Ekim Bey

The same day I discovered that the passenger who had lost the chaplet was Pasha N, the former governor of a small district near Constantinople, and that he was then living on the opposite shore of the Bosphorus not far from Scutari.

As I had recently been not too well and was feeling worse each day, I decided not to dive for coins the next day, but to deliver the chaplet to its owner, and at the same time to visit the cemetery at Scutari.

I went the following morning and soon found the pasha’s house. He happened to be at home, and when he was told that one of the coin­ catchers had come, who insisted on seeing him personally, he evidently understood at once what it was about and came out to me himself. When I handed him the chaplet he was so sincerely overjoyed and so simple in his manner towards me that I was deeply moved, and did not wish for anything in the world to accept the promised reward.

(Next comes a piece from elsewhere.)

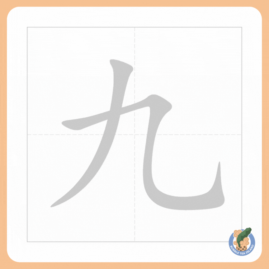 九 is the character for “nine”. It is made out of 2 strokes.

He begged me at least to lunch at his house, and this I did not decline. After lunch I left immediately in order to catch the last but one returning steamer. But on the way to the steamer I felt so ill that I had to sit down on the steps of a house, where I lost consciousness.
Passers­by noticed my condition and, as I was not far from the pasha’s house, the news soon reached him that a boy had suddenly been taken ill. Hearing that the boy was the one who had brought him the chaplet, the pasha himself came quickly with his servants and gave orders for me to be carried to his house, and for a military physician to be called.

Although I soon recovered consciousness, my condition was such that I could not move and was compelled to remain for the time being in the pasha’s house.
That night all my skin began to crack and burn unbearably; evidently, being unaccustomed to long immersion in sea­water, it could not tolerate the action of the salt.

I was put in a wing of the house and an old woman named Fatma Badji was appointed to take care of me. The pasha’s son, a student in a German military school, also came and helped the old woman look after me. This was Ekim Bey, who later became my bosom friend.